Write the records out exactly as shown. No pictures.

[Data — start]

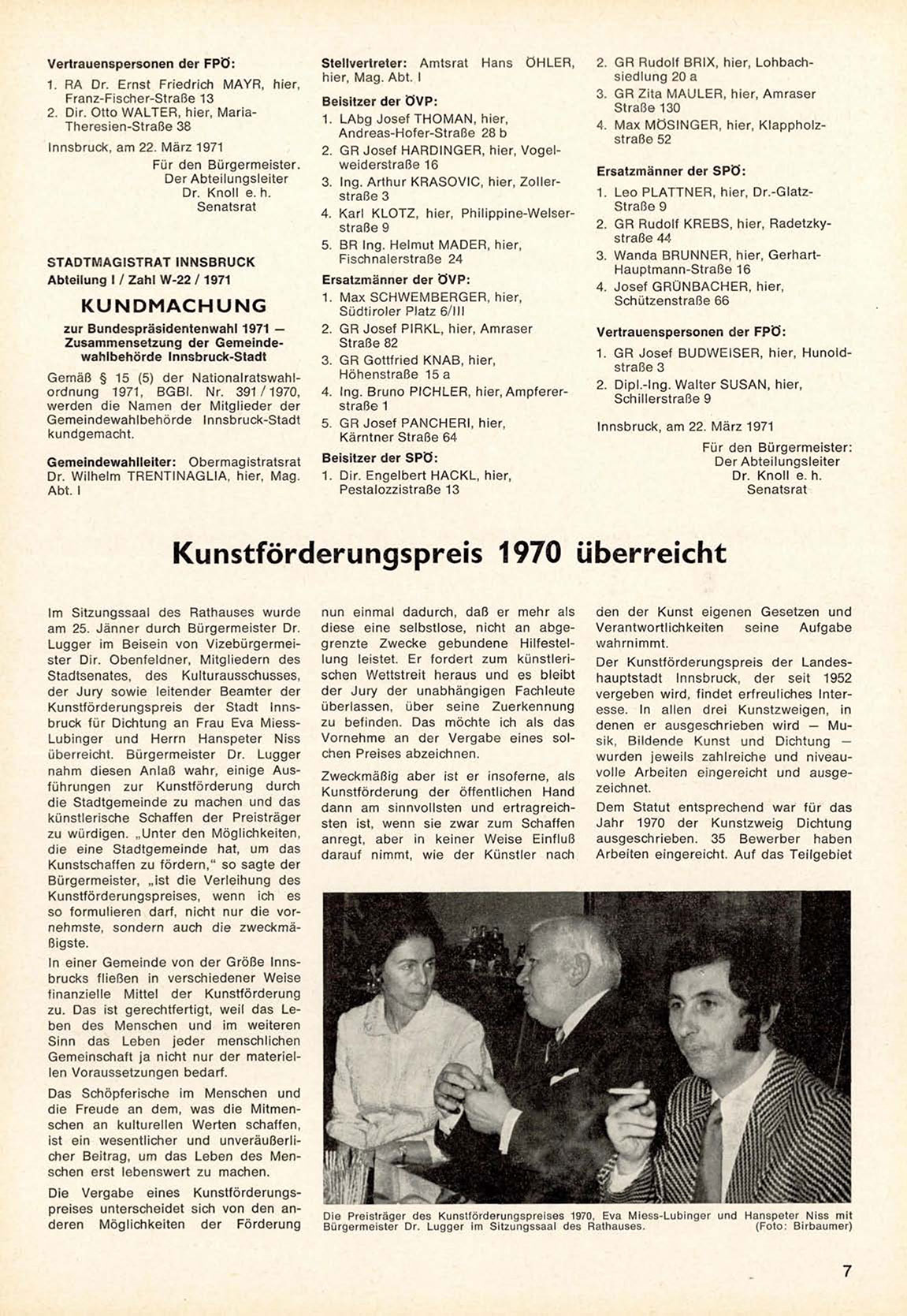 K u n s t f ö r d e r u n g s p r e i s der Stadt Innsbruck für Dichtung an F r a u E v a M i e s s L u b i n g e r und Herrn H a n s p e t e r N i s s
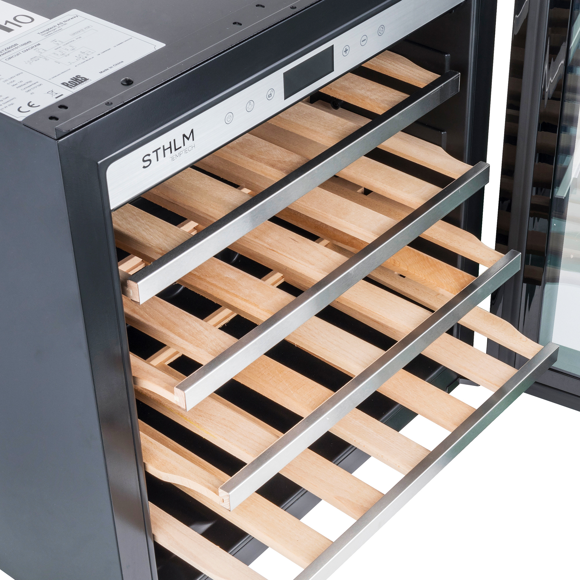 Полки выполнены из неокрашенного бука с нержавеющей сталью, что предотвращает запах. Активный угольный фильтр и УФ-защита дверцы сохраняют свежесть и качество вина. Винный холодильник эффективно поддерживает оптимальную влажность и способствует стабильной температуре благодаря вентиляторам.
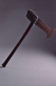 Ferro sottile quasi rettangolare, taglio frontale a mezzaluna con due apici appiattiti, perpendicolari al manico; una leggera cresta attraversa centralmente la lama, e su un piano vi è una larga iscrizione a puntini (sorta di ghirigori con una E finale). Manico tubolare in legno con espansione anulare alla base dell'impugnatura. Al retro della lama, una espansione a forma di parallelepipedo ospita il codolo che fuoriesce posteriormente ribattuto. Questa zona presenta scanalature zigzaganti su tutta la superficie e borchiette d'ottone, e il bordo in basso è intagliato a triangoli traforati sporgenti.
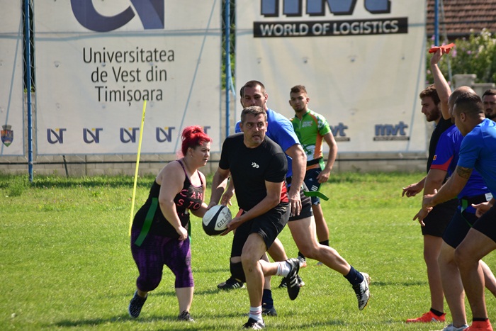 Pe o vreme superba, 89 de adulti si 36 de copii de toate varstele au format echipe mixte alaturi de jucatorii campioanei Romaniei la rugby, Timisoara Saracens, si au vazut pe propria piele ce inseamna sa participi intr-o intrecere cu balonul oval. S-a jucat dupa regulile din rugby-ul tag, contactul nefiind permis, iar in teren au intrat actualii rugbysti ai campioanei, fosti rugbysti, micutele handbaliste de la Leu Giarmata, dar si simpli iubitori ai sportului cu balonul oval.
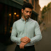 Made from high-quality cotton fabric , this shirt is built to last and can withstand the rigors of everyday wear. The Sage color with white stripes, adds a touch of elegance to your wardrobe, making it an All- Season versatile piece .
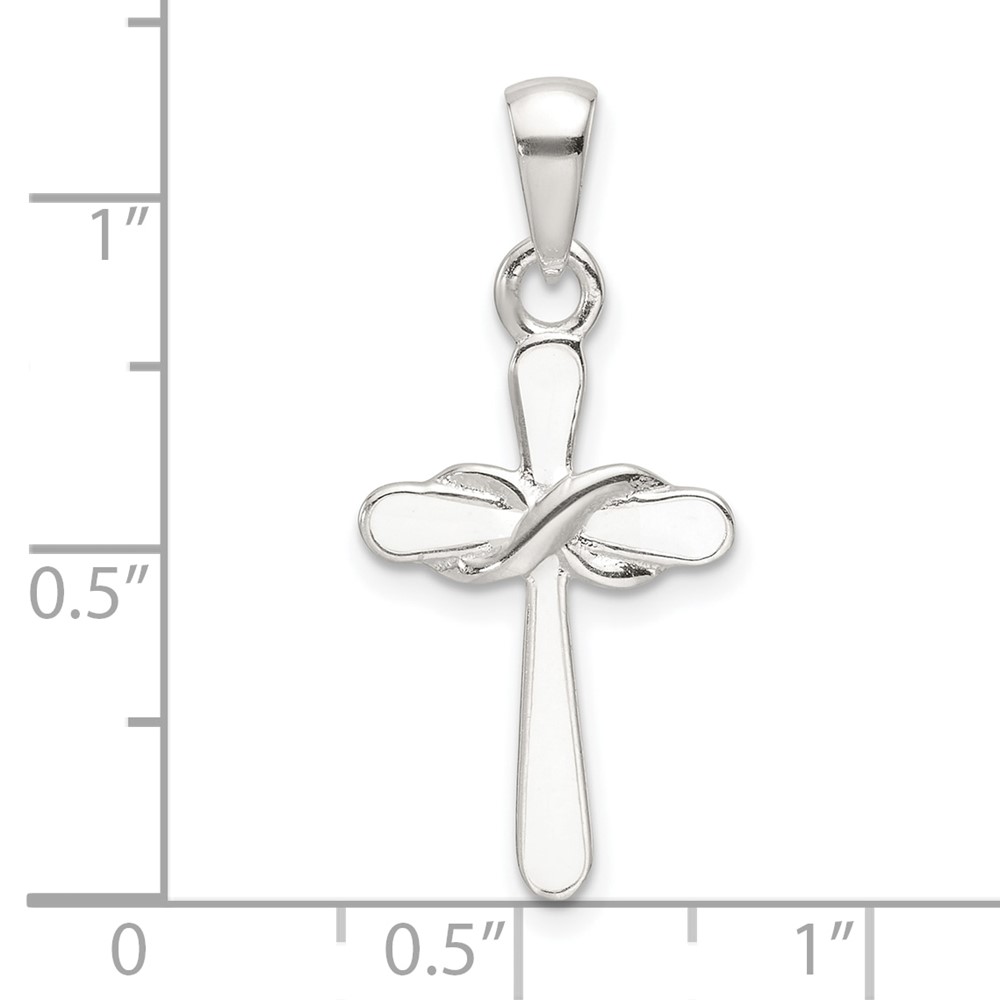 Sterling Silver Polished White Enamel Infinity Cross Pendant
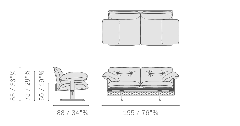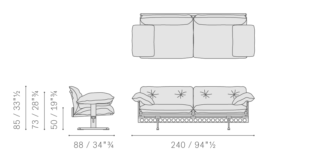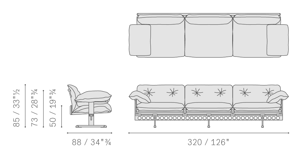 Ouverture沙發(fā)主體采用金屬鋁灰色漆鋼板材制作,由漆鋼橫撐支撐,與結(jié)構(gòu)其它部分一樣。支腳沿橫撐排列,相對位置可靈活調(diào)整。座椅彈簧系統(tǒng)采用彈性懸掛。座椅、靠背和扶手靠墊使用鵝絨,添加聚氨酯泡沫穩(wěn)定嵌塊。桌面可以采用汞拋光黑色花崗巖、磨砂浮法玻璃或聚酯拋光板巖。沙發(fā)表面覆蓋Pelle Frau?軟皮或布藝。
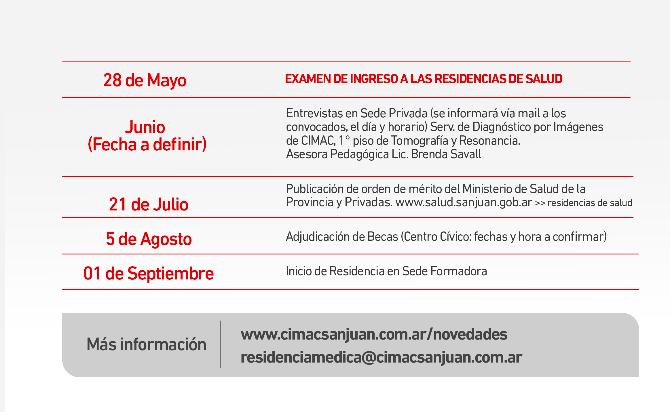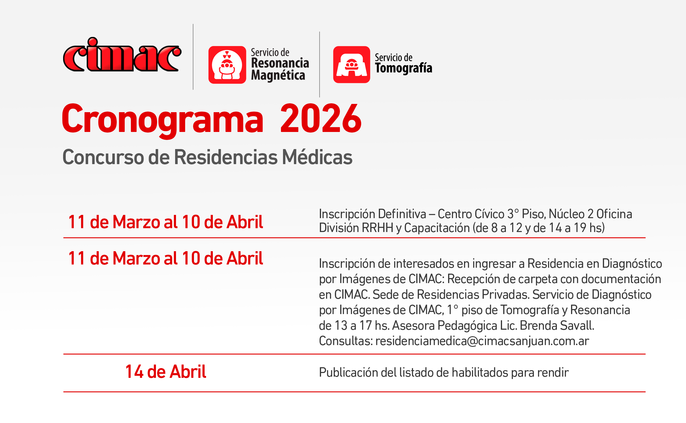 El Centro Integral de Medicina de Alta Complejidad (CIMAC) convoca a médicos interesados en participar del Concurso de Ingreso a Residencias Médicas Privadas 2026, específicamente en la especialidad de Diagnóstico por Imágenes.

[Data — finish]

* Exercise result:
 K u n s t f ö r d e r u n g s p r e i s der Stadt Innsbruck für Dichtung an F r a u E v a M i e s s L u b i n g e r und Herrn H a n s p e t e r N i s s
 Полки выполнены из неокрашенного бука с нержавеющей сталью, что предотвращает запах. Активный угольный фильтр и УФ-защита дверцы сохраняют свежесть и качество вина. Винный холодильник эффективно поддерживает оптимальную влажность и способствует стабильной температуре благодаря вентиляторам.
 Ferro sottile quasi rettangolare, taglio frontale a mezzaluna con due apici appiattiti, perpendicolari al manico; una leggera cresta attraversa centralmente la lama, e su un piano vi è una larga iscrizione a puntini (sorta di ghirigori con una E finale). Manico tubolare in legno con espansione anulare alla base dell'impugnatura. Al retro della lama, una espansione a forma di parallelepipedo ospita il codolo che fuoriesce posteriormente ribattuto. Questa zona presenta scanalature zigzaganti su tutta la superficie e borchiette d'ottone, e il bordo in basso è intagliato a triangoli traforati sporgenti.
 Pe o vreme superba, 89 de adulti si 36 de copii de toate varstele au format echipe mixte alaturi de jucatorii campioanei Romaniei la rugby, Timisoara Saracens, si au vazut pe propria piele ce inseamna sa participi intr-o intrecere cu balonul oval. S-a jucat dupa regulile din rugby-ul tag, contactul nefiind permis, iar in teren au intrat actualii rugbysti ai campioanei, fosti rugbysti, micutele handbaliste de la Leu Giarmata, dar si simpli iubitori ai sportului cu balonul oval.
 Made from high-quality cotton fabric , this shirt is built to last and can withstand the rigors of everyday wear. The Sage color with white stripes, adds a touch of elegance to your wardrobe, making it an All- Season versatile piece .
 Sterling Silver Polished White Enamel Infinity Cross Pendant
 Ouverture沙發(fā)主體采用金屬鋁灰色漆鋼板材制作,由漆鋼橫撐支撐,與結(jié)構(gòu)其它部分一樣。支腳沿橫撐排列,相對位置可靈活調(diào)整。座椅彈簧系統(tǒng)采用彈性懸掛。座椅、靠背和扶手靠墊使用鵝絨,添加聚氨酯泡沫穩(wěn)定嵌塊。桌面可以采用汞拋光黑色花崗巖、磨砂浮法玻璃或聚酯拋光板巖。沙發(fā)表面覆蓋Pelle Frau?軟皮或布藝。
 El Centro Integral de Medicina de Alta Complejidad (CIMAC) convoca a médicos interesados en participar del Concurso de Ingreso a Residencias Médicas Privadas 2026, específicamente en la especialidad de Diagnóstico por Imágenes.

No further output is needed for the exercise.